Two cases of Hantavirus pulmonary syndrome in Randolph County, West Virginia: A coincidence of time and place?

Julie R. Sinclair, Darin S. Carroll, Joel M. Montgomery, Boris Pavlin, Katherine McCombs, James N. Mills, James A. Comer, Thomas G. Ksiazek, Pierre E. Rollin, Stuart T. Nichol, Angela J. Sanchez, Christina L. Hutson, Michael Bell, Jane A. Rooney

Research output: Contribution to journalArticlepeer-review

15 Scopus citations


Hantavirus pulmonary syndrome (HPS) is caused by an infection with viruses of the genus Hantavirus in the western hemisphere.
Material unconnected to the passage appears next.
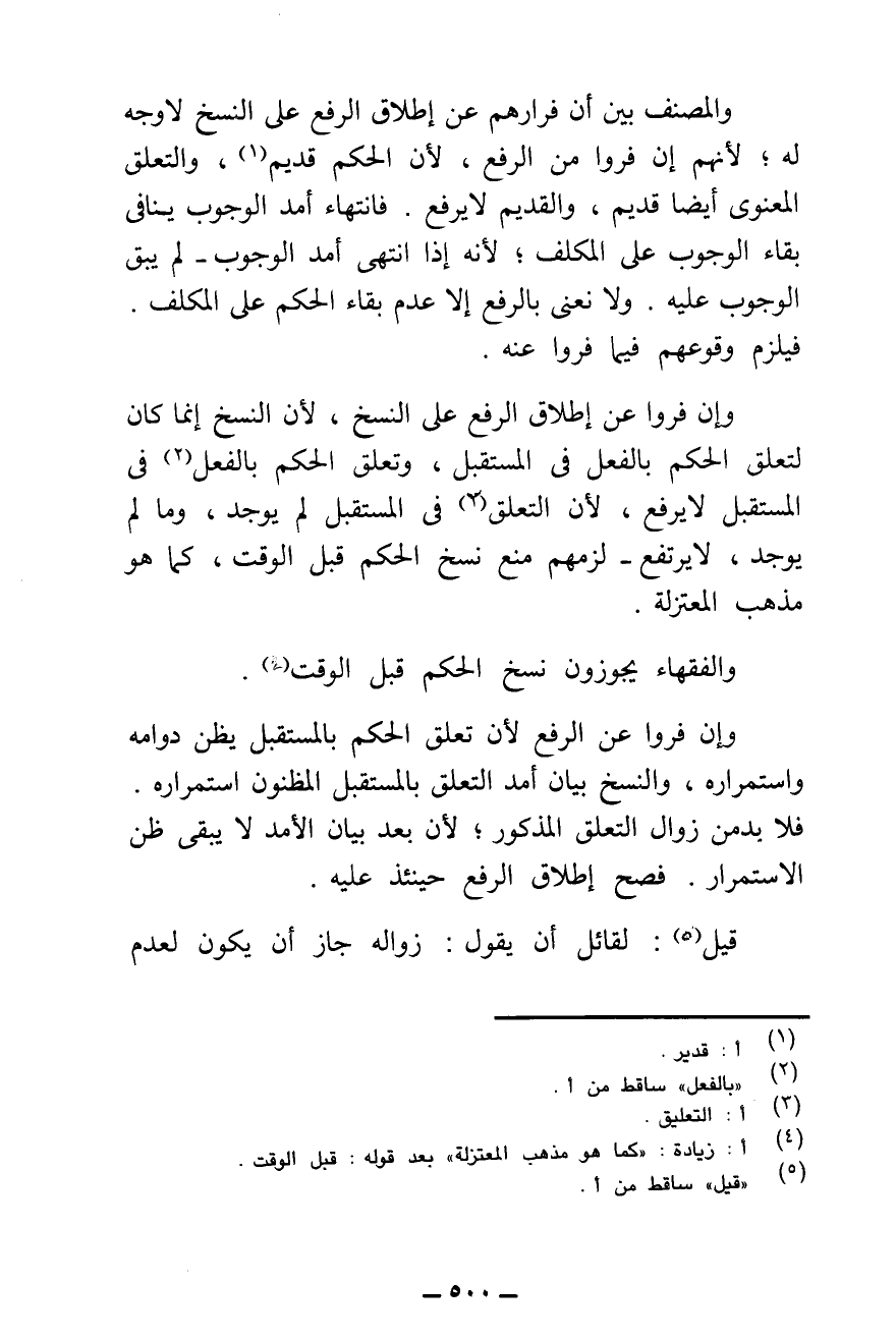 وَإِنْ فَرُّوا عَنْ إِطْلَاقِ النَّسْخِ، لِأَنَّ النَّسْخَ إِنَّمَا كَانَ لِتَعَلُّقِ الْحُكْمِ بِالْفِعْلِ فِي الْمُسْتَقْبَلِ، وَتَعَلُّقُ الْحُكْمِ بِالْفِعْلِ فِي الْمُسْتَقْبَلِ لَا يُرْفَعُ؛ لِأَنَّ التَّعَلُّقَ فِي الْمُسْتَقْبَلِ لَمْ يُوجَدْ، وَمَا لَمْ يُوجَدْ، لَا يَرْتَفِعُ - لَزِمَهُمْ مَنْعُ نَسْخِ الْحُكْمِ قَبْلَ الْوَقْتِ، كَمَا هُوَ مَذْهَبُ الْمُعْتَزِلَةِ.

Rodent hosts of hantaviruses are present throughout the United States. In July 2004, two HPS case-patients were identified in Randolph County, WV: a wildlife science graduate student working locally and a Randolph County resident. We interviewed family members and colleagues, reviewed medical records, and conducted environmental studies at likely exposure sites. Small mammals were trapped, and blood, urine, and tissue samples were submitted to the Centers for Disease Control and Prevention for laboratory analyses. These analyses confirmed that both patients were infected with Monongahela virus, a Sin Nombre hantavirus variant hosted by the Cloudland deer mouse, Peromyscus maniculatus nubiterrae. Other than one retrospectively diagnosed case in 1981, these are the first HPS cases reported in West Virginia. These cases emphasize the need to educate the public throughout the United States regarding risks and prevention measures for hantavirus infection.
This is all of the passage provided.